Paradise Valley Town Hall is at 6401 E. Lincoln Drive. (Independent Newsmedia/Arianna Grainey)

The Paradise Valley Town Council moved forward with its budget plan for fiscal year 2019, moving the plan to a tentative budget.

Council poured over the budget plan at its Thursday, May 10 study session at town hall, 6401 E. Lincoln Drive.

Town Manager Kevin Burke presented an overview of previous adds and deletes to the budget from past meetings this spring as well as got council’s approval on other additions and deletions of the budget.

The next steps for the budget plan are a tentative budget adoption slated for Thursday, May 24. The final adoption is set for Thursday, June 14 as part of a special meeting.

“My goal today is to transition from a recommended budget into a tentative budget, meaning that this becomes your budget and we would set those numbers for adoption at the tentative level in two weeks,” Mr. Burke said during the meeting.

Kevin Burke (Independent Newsmedia/Arianna Grainey)

Council did decide to table talks on the town’s license plate reader system budget until next fiscal year.

The license plate reader budget was set at $132,379, and had money going to four-way LPRs at Lincoln Drive and Tatum Boulevard, integrating L3 LPR data into vigilant LPR and contingency.

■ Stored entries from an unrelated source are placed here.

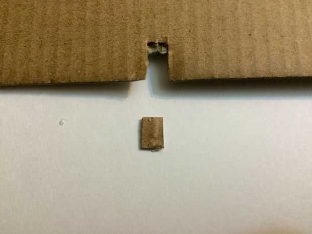 3. Cortar otro rectángulo pequeño (aproximadamente 0,25 cm X 0.5 cm) de cartón, como en el cuadro cuatro.
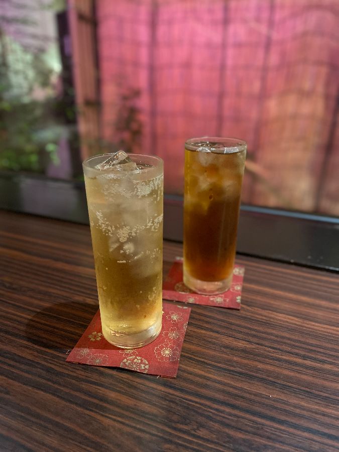 자리에 앉아 메뉴를 펼쳤다. 다행히 영어 메뉴가 준비되어 있었지만, 일어 메뉴와 함께 보는 것이 더 다양한 선택지를 제공한다는 정보를 입수! 파파고 번역기의 도움을 받아 메뉴를 탐색하기 시작했다. 음료 주문은 필수. 우롱하이볼과 진저에일을 주문하고, 설레는 마음으로 음식을 기다렸다.
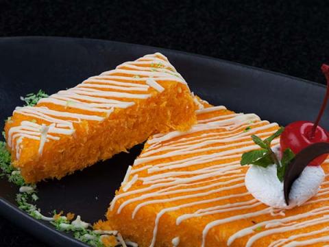 Top up with the saffron coconut mixture and flatten on top. Place in fridge to cool for one hour before cutting the layered Burfi into desired shapes
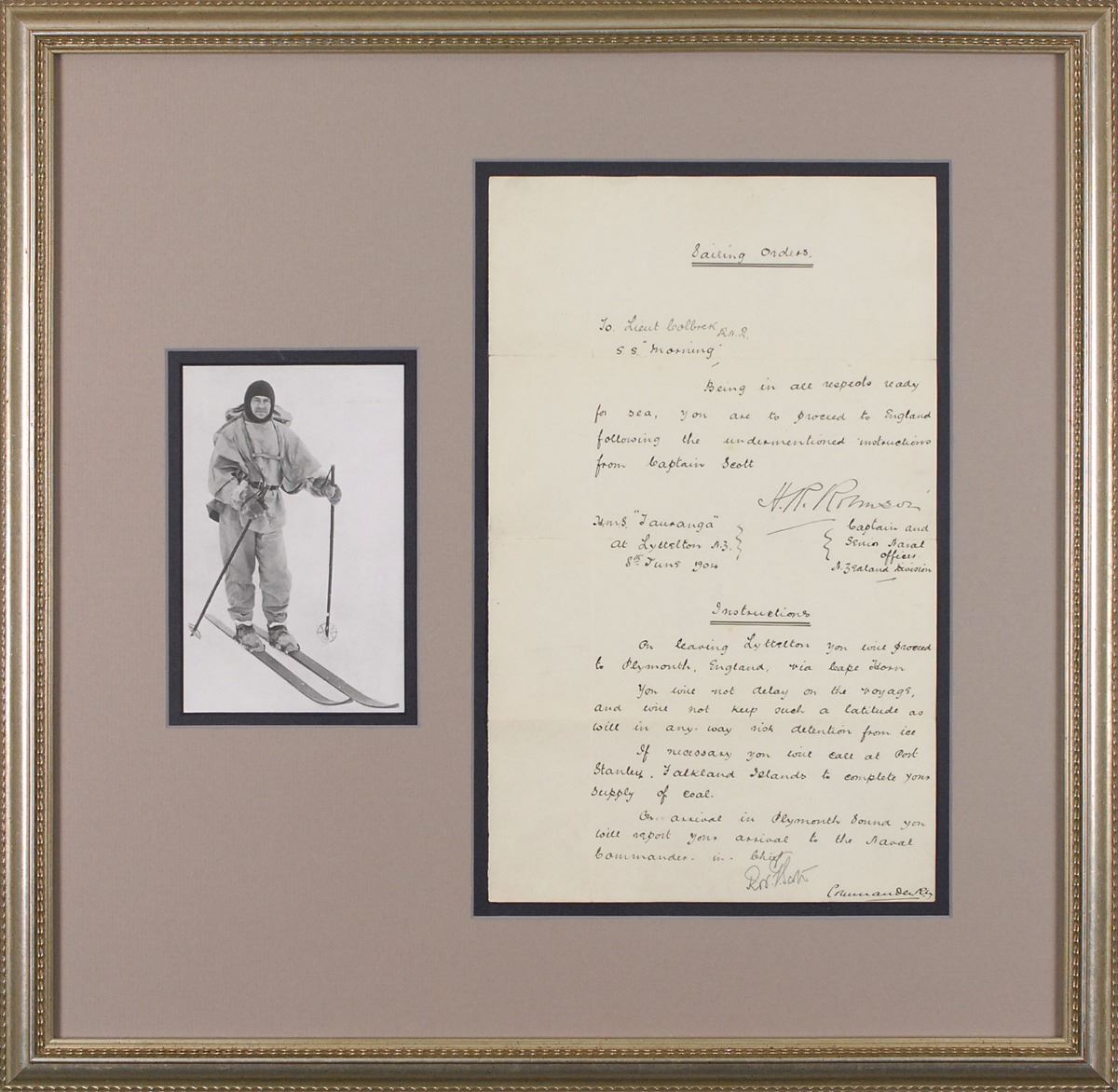 Manuscript DS, signed "R. F. Scott," one page, 8 x 13.25, H. M. S. Tauranga, June 8, 1904. Sailing orders addressed to Lieutenant William Colbeck of the S. S. Morning, docked in New Zealand. Orders read, in part: "Being in all aspects ready for sea, you are to proceed to England following the undermentioned instructions from Captain Scott…On leaving Lyttelton you will proceed to Plymouth, England, via Cape Horn. You will not delay on the voyage, and will not keep such latitude as will in any way risk detention from ice. If necessary you will call at Port Stanley, Falkland Islands to complete your supply of coal. On arrival in Plymouth Sound you will report your arrival to the Naval Commander." Matted and framed with an image of Scott on skis to an overall size of 20.25 x 20. In fine condition.
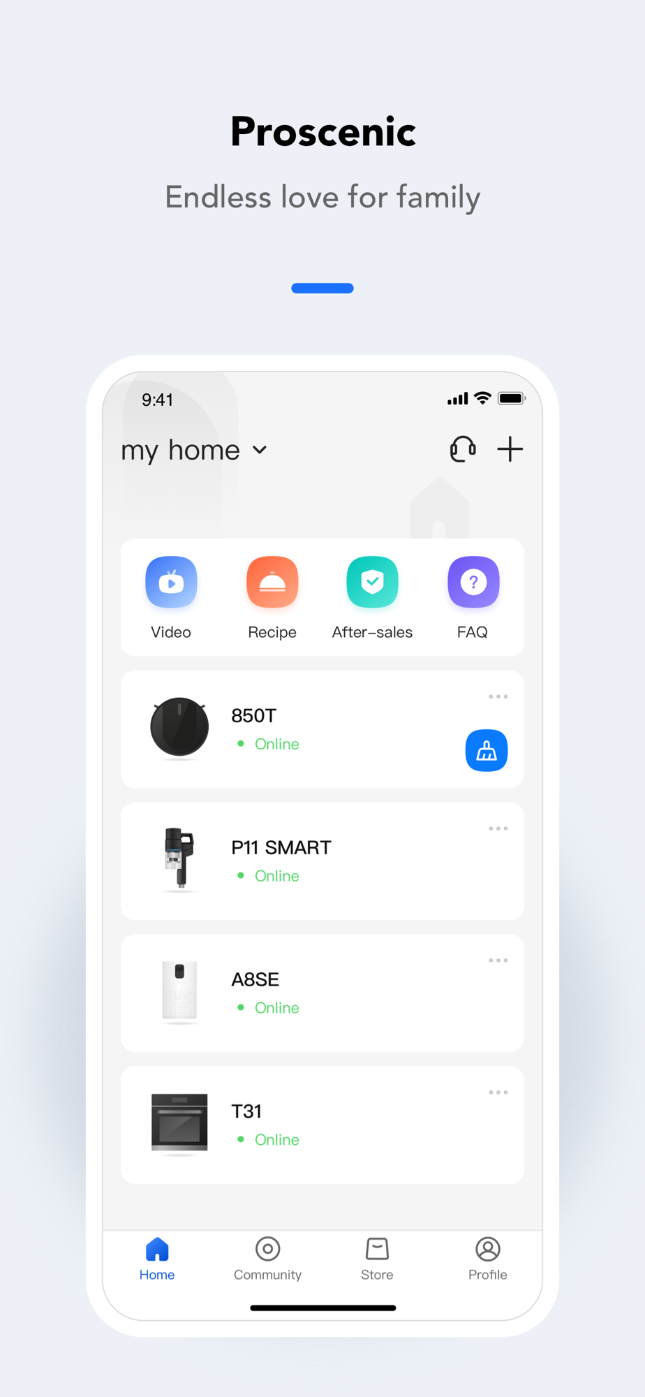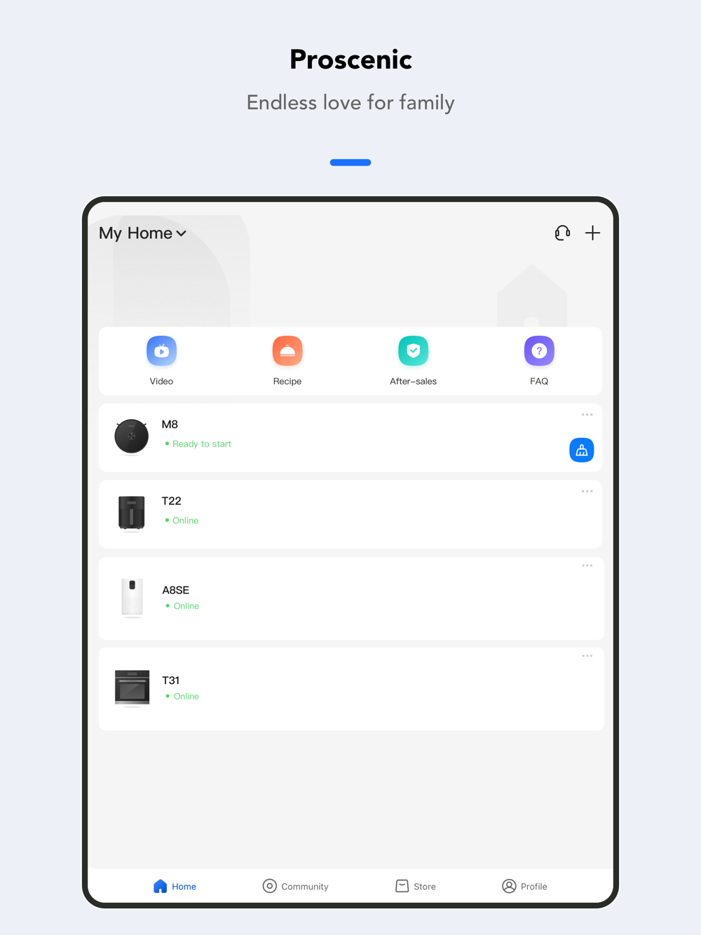 The Proscenic App is a mobile phone application that connects Proscenic smart products. You can control the functions of the product and monitor your product in real-time through the application. Here, you can control the product anytime and anywhere, and you can also streamline communication between smart devices. Intercommunication makes the product more portable and smart during use.
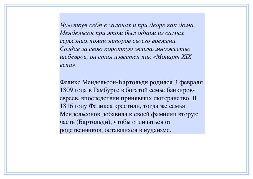 Феликс Мендельсон. Гармония и равновесиеЧувствуя себя в салонах и при дворе как дома,

“While this does provide us value in looking at the new system, I think it would be better to take a holistic approach to the LPR system next year,” Mr. Burke said during the meeting.

Mr. Burke also suggested dropping the alarm services contingency fund to $30,000 from its original budgeted $108,000 to which council agreed. The extra money would return to the alarm services fund.

Council also decided to move $10,000 from the Town Manager Department to contingency in regards to benchmarking software at the suggestion of Mr. Burke.

Mr. Burke also presented several administrative changes that he said weren’t on the original flip chart.

The fire contract with the city of Phoenix dropped $95,875, negating a $50,000 transfer from the general fund and putting $45,875 into the reserves of the fire fund.

The town’s public works’ budget dipped $1,600 after the maintenance of court x-ray security machine was budgeted twice.

Mr. Burke also disclosed a public safety analyst benefit cost which was not included originally which was $20,734.

The last administrative changed included changing the town prosecutor to a part-time employee instead of a contract employee.